28 May 2016

The Lost Jewels: Rabindranath Tagore

Tagore allows himself the ease of using many Hindi words like Ghat in the stories. The usual setting of his stories is a river ghat and a rural village; not to mention the middle people for it is obvious. He has a nerve to glorify his female character and make the males characters suffer in most of his work. A story is a hundred times its worth when the writer touches upon the internal world of the characters rather than just sticking to the externals. Tagore has this wonderful blend of characteristics with which he spins his yarns to mesmerize the reader. Lost jewels is no deviation from this trend. Being born in an enslaved British India he was skeptical and apprehensive of the mercerization sweeping the lengths and breadths of the country. Lost jewels merely serves as a surrogate though which he shoots his arrows of sarcasm.

The inception of the story is typically Indian. The narrator comes and sits near the author (presumably). He was a sort of person who was bubbling with inquisitiveness right from the top to bottom! The sequence of questions and answers is again a typical Indian gossip.

"What sort?
A dealer in cacoons and Timber.
What name?
After a while of hesitation I have him a name but it wasn't my own.
Why have come here?
For a change of air.
Sir I must tell you that I've been enjoying the air of this place for nearly six years with a daily of average of 15 grains of quinine and I don't feel I've benefitted much……."

The narrator begins his story about the huge eerie house with tumbledown verandas.

"But he was modern. Bhushan Saha was not only spoke faultless English but actually entered the Sahib's office with his shoes on. In addition to that he also grew a beard. There was no possibility for him in bettering himself as far as the Sahib's were concerned."

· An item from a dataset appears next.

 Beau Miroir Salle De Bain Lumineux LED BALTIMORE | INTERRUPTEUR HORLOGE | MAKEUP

"There was another drawback in his home. His wife was beautiful …."
"With his college education on one hand and his beautiful wife on the other what hope was there to preserve our good old tradition?"

Thus Bhushan Saha as he is introduced as a fine gentleman, is too sober in his ways, an idealistic person indeed. He loved his wife from the deepest core of his heart which alas was not reciprocated. Bhushan was excessively possessive of Mani and altogether too submissive. he was a man that scarcely belonged to the century in which he was born.  
"He should have been born five or six centuries hence when the world would be moved by the psychic forces. He was unfortunate to have a wife who belonged to the 19th century."

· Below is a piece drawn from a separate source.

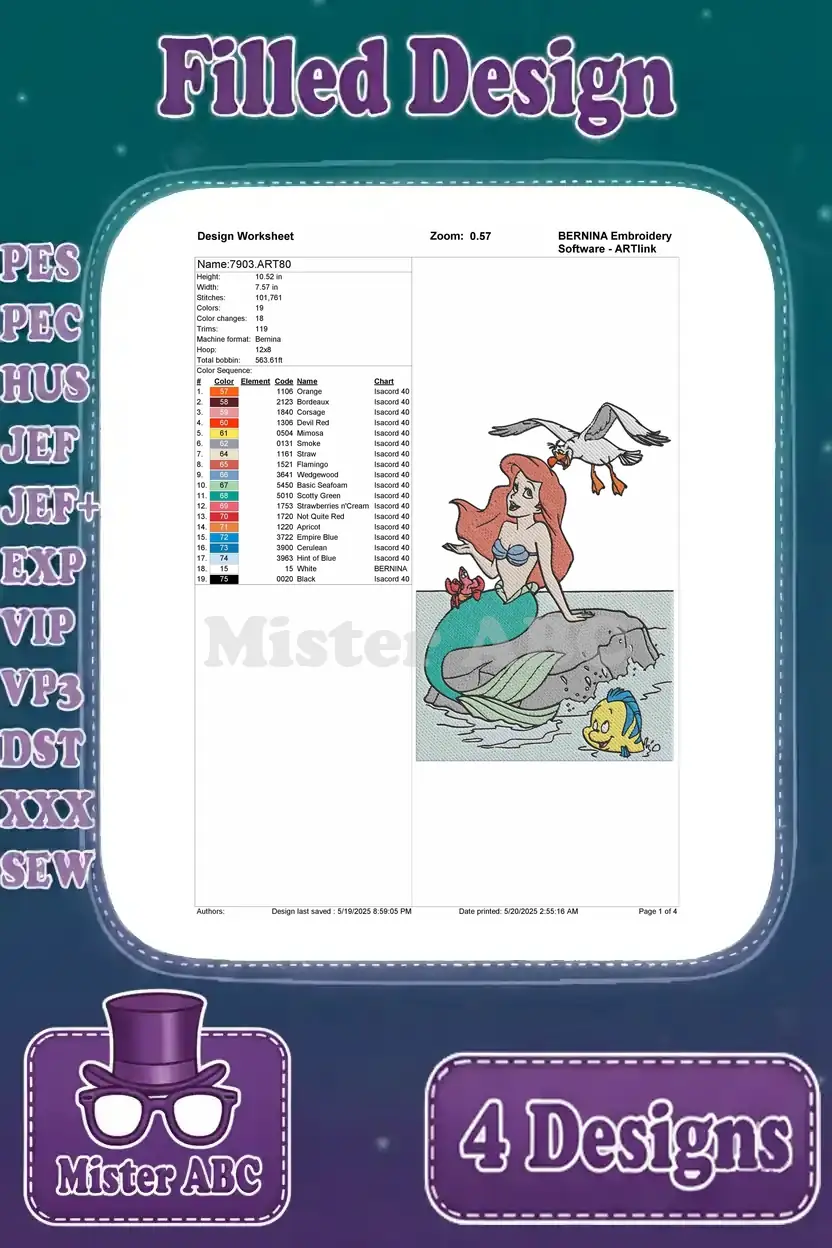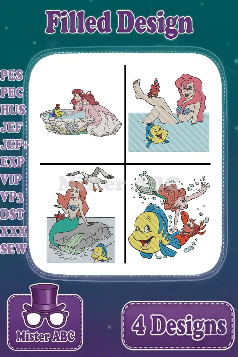 The Little Mermaid – Human Ariel With Sea Friends In Fountain – Scuttle Flounder Sebastian – Disney Fun – Filled Embroidery Design

Thus Bhushan was a misfit in the society and Mani his wife was totally obverse of what he was.

"Mani looked upon his husband as a mere machine for tuning out her Decca Muslins and bangles without being able to pride herself over a victory."

"Mani always worked and saved and was never sick nor sorry. She preserved everything with one exception of her husband's caresses."
"….Perhaps beauty is best preserve in a heart that is an ice-box."

Mani was exceptionally beautiful.
"She had not lost an atom of her youthful beauty."
Although being such a gifted woman she was an utter failure in her life. She had no children to look after save her jewelry which grew from year to year as though it were her very children! Feeding religious mendicants was not her way. She never gave any alms nor did she mix much with the neighbors. All that she cared for in her life was the jewelry that her husband foolishly have her thinking that the way to get is to give.

Ups and downs is the way of the business. Bushan being a businessman was in a need of a Lakh and a half. The core of this matter, he in the most hesitating manner broached to his wife Mani. True love is ever-ready to sacrifice even the most valuable possession to bring a grin on the face of his/her beloved. But Mani instead of helping her husband in his period of hardships flatly refused him even of the slightest aid.

"He was deeply hurt but was incapable of retuning the hurt back."
Bhushan even then was so stuffed with loft morals that he didn't jeer at her. There was not a trace of barbaric nature in him. He at a length hired the requisite sum from Calcutta.

But in the interim Mani had flown on the advice of his sloppy brother Modhu to her father's place. Bhushan upon returning from Calcutta was grief stricken not finding Mani around. The area in vicinity was ransacked but neither Modhu nor Mani were to be found. Thus day upon day he sulked and returned to a dream world which eventually severed his soul from his body.

Such was the tragic end of the story said that narrator which of course was a bluff as the man to which he was telling was himself none other Bhushan Saha.


Nonetheless Bhushan was a very delicate and sober man in contrast to the shrewd, possessive Mani. This story teaches us many lessons. Firstly avarice is the root cause of all evil. Also the story ran around and emphasized on the need of 'Balance in a relationship.' Furthermore possessiveness and obsession of all kinds leads us to hell. All of these nobble ideals finely interwoven in a succulent banquet is what Lost Jewels is!